Over a porno-inspired beat the rapper explains in detail his sexual exploits with various groupies, hood rats, jump-offs, etc.  There is usually a mention of the Energizer Bunny and the size of the young women’s asses that are involved in these intense and barely legal trysts. 


About 5 or 6 songs into the album the rapper usually loses steam and takes up 4 or 5 songs with cheap beats by up-and-coming producers and guest verses by guys he grew up with.  Every once in a while there is a gem in here, but for the most part it is fast-forward material and most of the guests are never heard from again. One of the best features of digital music is the ability to never hear one of these half-assed efforts again.

THE “Back in the Day” SONG

Here the rapper will utilize an easily recognizable sample that will remind the listener of their own youth while he weaves tales of hanging with his crew, cutting school, selling low-level narcotics and other accounts of criminal mischief.  He will also try to convince his listeners that it was somehow better to be broke on the block than living the lavish hip-hop star lifestyle…the less intelligent members of his fan base will actually believe this.  


This will have a soulful beat and may or may not feature an R&B singer that is usually of better quality than the one used on the FIRST SINGLE/CLUB SONG (Mary J. Blige or Jaheim). The theme of this song is that even though this guy got busy with 100’s of women that all had enormous asses he is finally ready to settle down with one special lady.  Any “special lady” that believes this is dumb and clearly not marriage material. 


Towards the end of this masterpiece the rapper will most likely take back everything he said for the last 55 min. and end with a song that is either a look into his soul, an affirmation that the youth can do whatever they can dream or a lament about the sorry state of the world.  This will usually sample a recognizable R&B song and range from awesome (Jadakiss’s “Why?”) to laughable (CNN’s “Closer’).  This will also inevitably include the phrase “only god can judge me” to highlight the MC’s tortured soul and may utilize the voices of young children on the chorus, intro or outro to further tug on the heartstrings.  

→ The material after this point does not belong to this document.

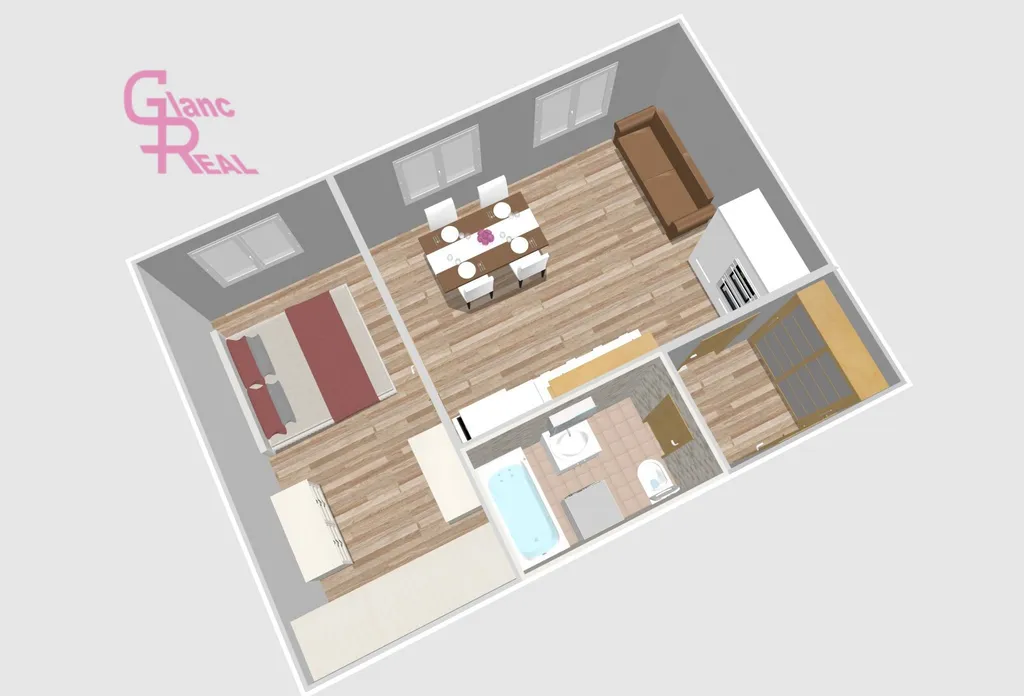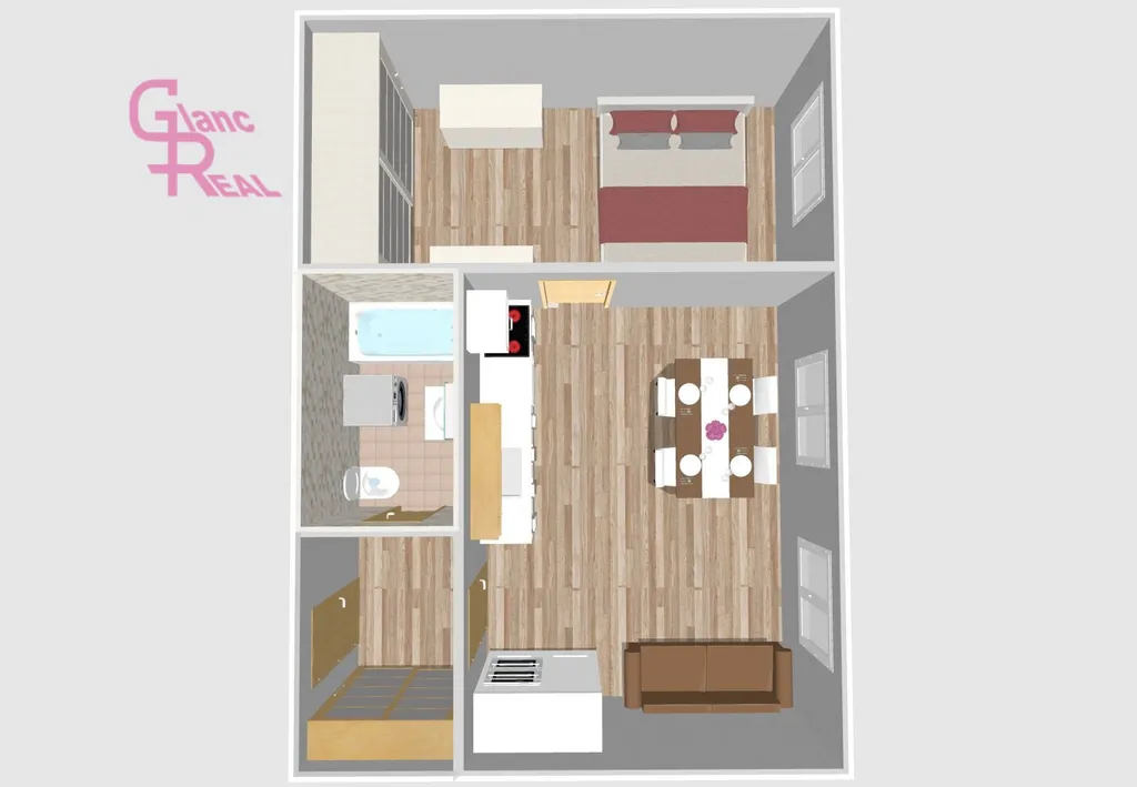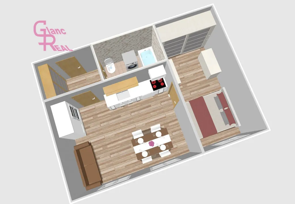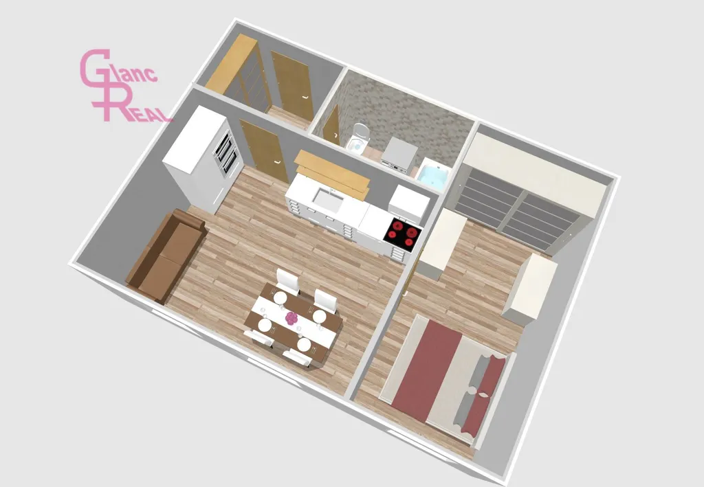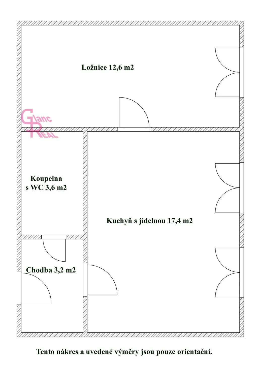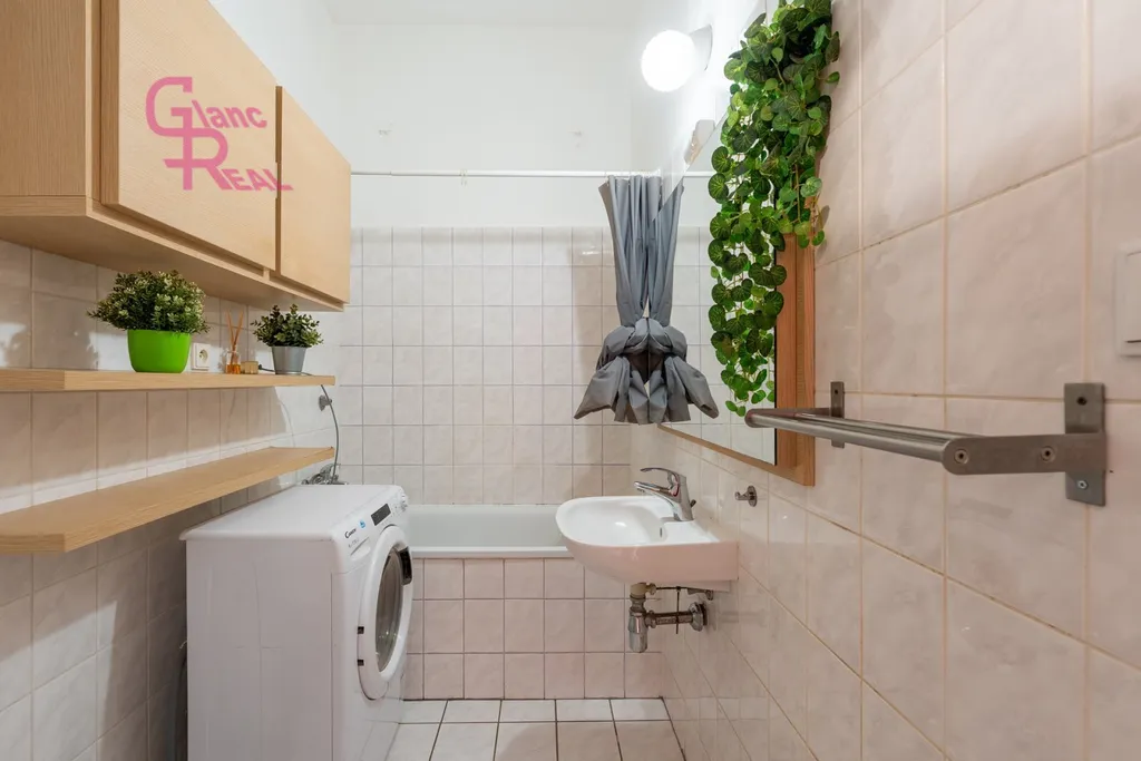 Byt disponuje praktickou a účelnou dispozicí: vstupní předsíň, koupelna s toaletou, samostatná prostorná kuchyně s místem pro jídelní kout i obývací část, KL vybavená lednicí s mrazákem, myčkou, varnou deskou, troubou a digestoří, a dále pokoj s vestavěnou skříní. Laminátová plovoucí podlaha a dlažba, což zajišťuje snadnou údržbu.

Rappers use this made-up word to signify a minute or two at the end of the CD where he will remind you how great he is and remind you to keep an eye out for his clothing-line, reality show or next artist coming out on his label.


If the artist is lucky enough to have a song classified as “A Problem” before the album drops the label will throw together this collection of other MC’s on the beat and tack it onto the end of the album.  This will contain the original artist, Busta Rhymes and 3 other guys that are hot right now.  

Strict adherence to this formula will result in heavy rotation on Hot 97, an appearance on MTV Cribs and at least one night with Kim Kardashian.